» **PROBLEM STATEMENT**:
Could you give the data that follows again exactly, without its pictures?

BEGIN PROVIDED DATA

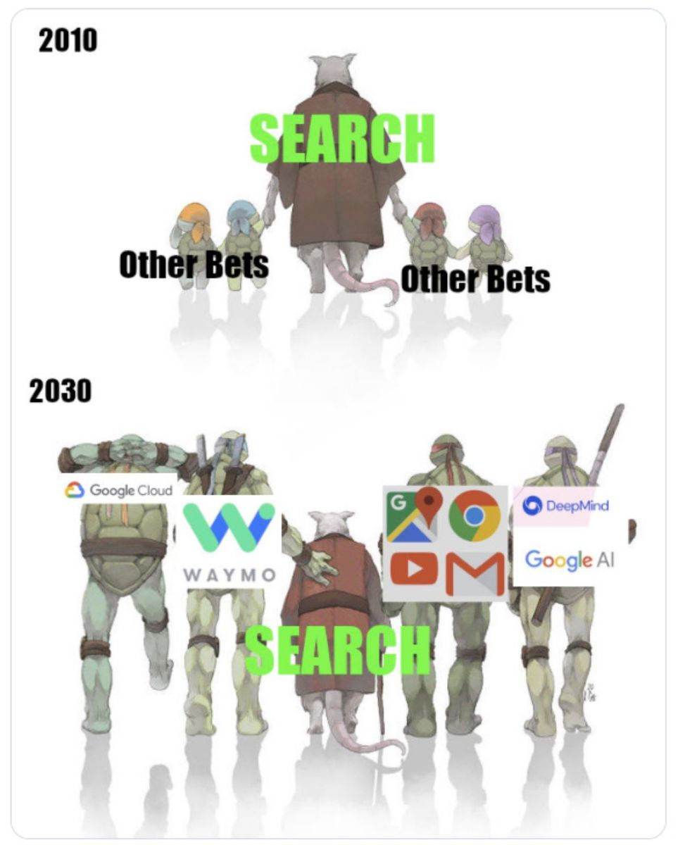 De illustratie van @wintermoat op X vat het mooi samen: waar Search in 2010 nog de ‘vaderfiguur’ was van kleine experimentele “Other Bets”, zijn die kinderen inmiddels opgegroeid tot volwassen pijlers. In Q3 kwam $56,6 miljard uit Search, $15,2 miljard uit Cloud, $12,9 miljard uit abonnementen en apparaten, en $10,3 miljard uit YouTube-advertenties.
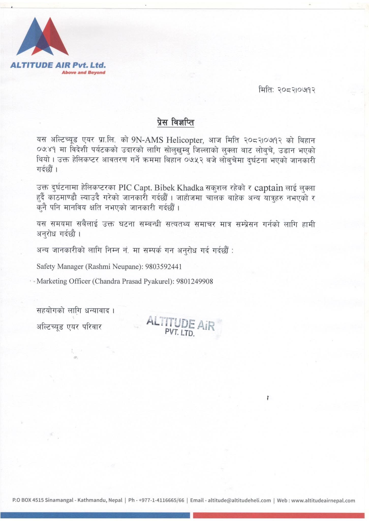 कम्पनीले दुर्घटनामा हेलिकोप्टरका पाइलट क्याप्टेन विवेक खड्का सकुशल रहेको र क्याप्टेनलाई तत्काल उद्धार गरी सुरक्षित स्थानमा ल्याइएकाले कुनै मानवीय क्षति नभएको कम्पनीले स्पष्ट गरेको छ । अन्य यात्रु तथा चालकबाहेक कोही नभएको जानकारी पनि विज्ञप्तिमा उल्लेख छ ।
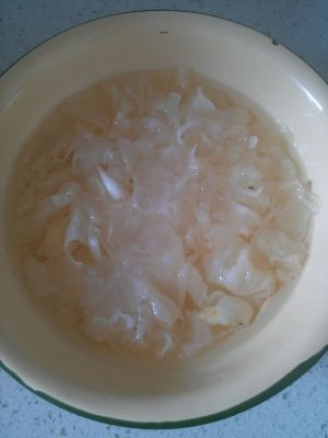 银耳泡发洗净,撕成小朵,放入电炖锅中,加适量水。(因最后还需放入雪梨,而且电炖锅失水不严重,水不宜过满)。炖煮2小时。
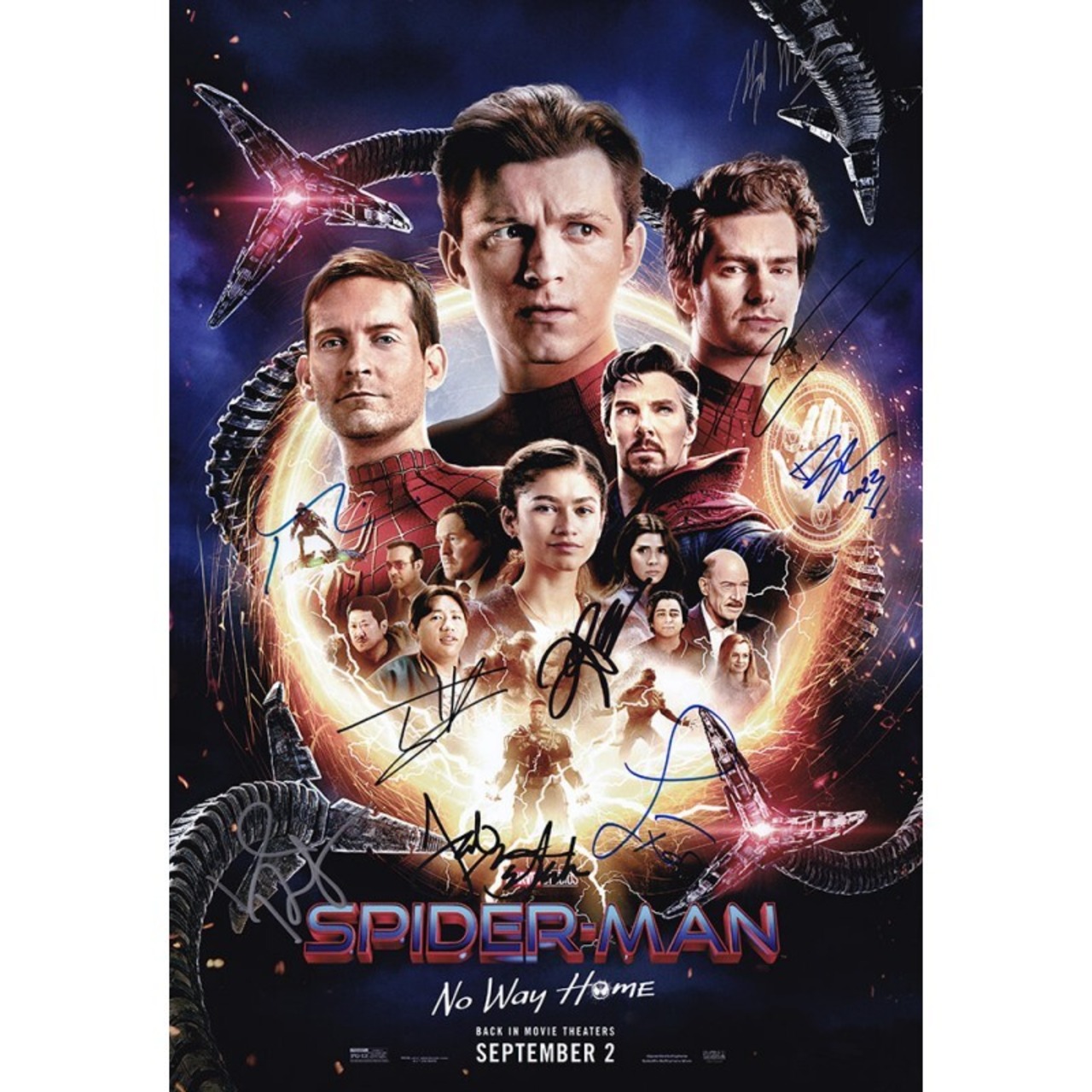 Autographed by Tom Holland(トム・ホランド), Benedict Cumberbatch(ベネディクト・カンバーバッチ), Tobey Maguire(トビー・マグワイア), Andrew Garfield(アンドリュー・ガーフィールド), Zendaya(ゼンデイヤ), Jamie Foxx(ジェイミー・フォックス), Alfred Molina(アルフレッド・モリーナ), Jacob Batalon(ジェイコブ・バタロン), and Willem Dafoe(ウィレム・デフォー)

END PROVIDED DATA

» **REPLY TO THE TASK**:
 De illustratie van @wintermoat op X vat het mooi samen: waar Search in 2010 nog de ‘vaderfiguur’ was van kleine experimentele “Other Bets”, zijn die kinderen inmiddels opgegroeid tot volwassen pijlers. In Q3 kwam $56,6 miljard uit Search, $15,2 miljard uit Cloud, $12,9 miljard uit abonnementen en apparaten, en $10,3 miljard uit YouTube-advertenties.
 कम्पनीले दुर्घटनामा हेलिकोप्टरका पाइलट क्याप्टेन विवेक खड्का सकुशल रहेको र क्याप्टेनलाई तत्काल उद्धार गरी सुरक्षित स्थानमा ल्याइएकाले कुनै मानवीय क्षति नभएको कम्पनीले स्पष्ट गरेको छ । अन्य यात्रु तथा चालकबाहेक कोही नभएको जानकारी पनि विज्ञप्तिमा उल्लेख छ ।
 银耳泡发洗净,撕成小朵,放入电炖锅中,加适量水。(因最后还需放入雪梨,而且电炖锅失水不严重,水不宜过满)。炖煮2小时。
 Autographed by Tom Holland(トム・ホランド), Benedict Cumberbatch(ベネディクト・カンバーバッチ), Tobey Maguire(トビー・マグワイア), Andrew Garfield(アンドリュー・ガーフィールド), Zendaya(ゼンデイヤ), Jamie Foxx(ジェイミー・フォックス), Alfred Molina(アルフレッド・モリーナ), Jacob Batalon(ジェイコブ・バタロン), and Willem Dafoe(ウィレム・デフォー)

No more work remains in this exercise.